Fragaria × bringhurstii

Scientific classification
- Kingdom: Plantae
- Clade: Embryophytes
- Clade: Tracheophytes
- Clade: Spermatophytes
- Clade: Angiosperms
- Clade: Eudicots
- Clade: Rosids
- Order: Rosales
- Family: Rosaceae
- Genus: Fragaria
- Species: F. × bringhurstii
- Binomial name: Fragaria × bringhurstii Staudt

= Fragaria × bringhurstii =

- Genus: Fragaria
- Species: × bringhurstii
- Authority: Staudt

Hybrid strawberry

Fragaria × bringhurstii is a naturally occurring hybrid species of wild strawberry native to the West Coast of the United States. The species results from the natural intercrossing of Fragaria vesca and Fragaria chiloensis, native species whose ranges overlap in that region.

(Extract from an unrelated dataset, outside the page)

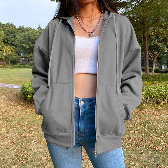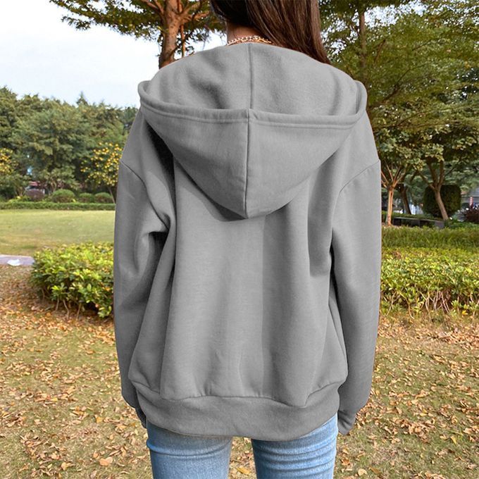 Buy Casual Sweatshirt Zipper Outwear Loose Pocket Collar Sleeve Grey XL in Nigeria
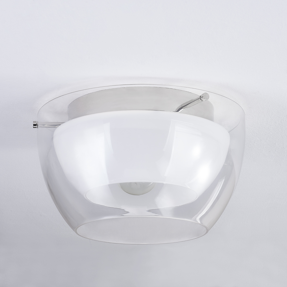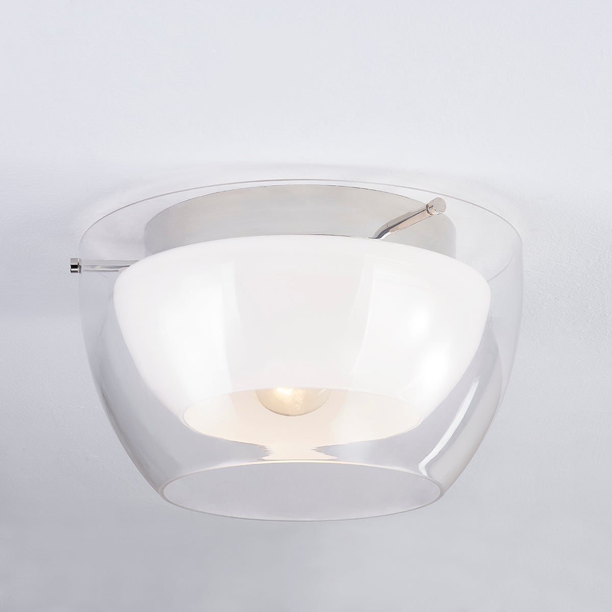 A smooth opal glossy glass shade and metal collar in Polished Nickel or Patina Brass are enclosed within a similarly shaped thick clear glass for a sophisticated layered look that makes this modern flush mount stand out. Openings in both the shade and the covering allow light to flow freely.

All strawberries have a base haploid count of 7 chromosomes. Fragaria × bringhurstii is pentaploid, having 5 pairs of these chromosomes for a total of 35 chromosomes, 7 from the F. vesca parent, and 28 from the F. chiloensis parent. Because of this odd number of chromosomes, this species possesses only limited fertility, due to problems of chromosome pairing during meiosis. However the plants readily reproduce vegetatively through runnering.